Final section: IPE 400 meets all EN 1993-1-1 requirements for this loading configuration.
Key Takeaways
- Section classification drives everything. A Class 1 classification permits full plastic moment capacity. Class 4 sections require effective width calculations per EN 1993-1-5, dramatically reducing capacity.
- Lateral-torsional buckling is the governing check for intermediate-to-long unbraced beam spans. The χLT factor for this example (0.598) reduces the cross-section capacity by 40%, demonstrating that a section adequate for bending alone may fail LTB.
- The elastic critical moment Mcr calculation is sensitive to end restraint, load height, and moment distribution.
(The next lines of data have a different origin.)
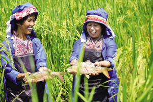 稻田養(yǎng)魚是當(dāng)?shù)囟编l(xiāng)群眾的傳統(tǒng)習(xí)俗,燒魚是侗族的一種傳統(tǒng)美食?!盁~節(jié)”是當(dāng)?shù)囟弊宓囊豁梻鹘y(tǒng)民俗活動。在初秋時節(jié),當(dāng)?shù)囟弊迦罕婇_田放水,捉魚,全寨男女老少,野外生起篝火烤魚,用燒魚、米酒等祭祀魚神,祈禱魚糧豐收。圖為該寨的侗族群眾在稻田捕魚。
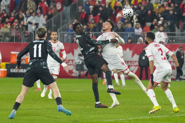 Canada's Tani Oluwaseyi, centre left, gets a header despite pressure from Tunisia's Omar Rekik, centre right, during first half of their friendly in Toronto, on Tuesday.Chris Young/The Canadian Press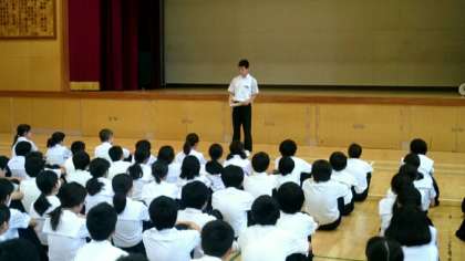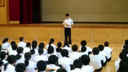 集会のはじめに生徒会長より、義援金募金ご協力のお願いについて話がありました。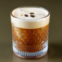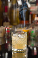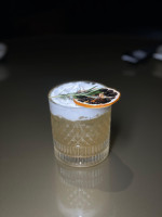 whisky, limão seciliano, xarope de açúcar, clara cromatizada de ovos e finalizado com angostura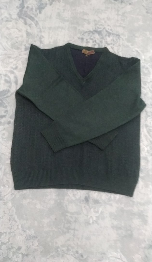 erkek yün kazak, V yaka ve uzun kollu, örgü dokusuyla rahat bir görünüm sunar. Salaş kesimi ve normal boyuyla günlük kullanıma uygundur.

Use the C1 and C2 factors from NCCI SN003a for accurate results, not simplified assumptions.
- National Annex variations matter. The UK NA specifies buckling curve 'a' for rolled I-sections regardless of h/b ratio, which gives a higher χLT than the generic Eurocode curve selection. The German NA uses γM1=1.10 (vs 1.00 recommended), reducing Mb,Rd by ~9%.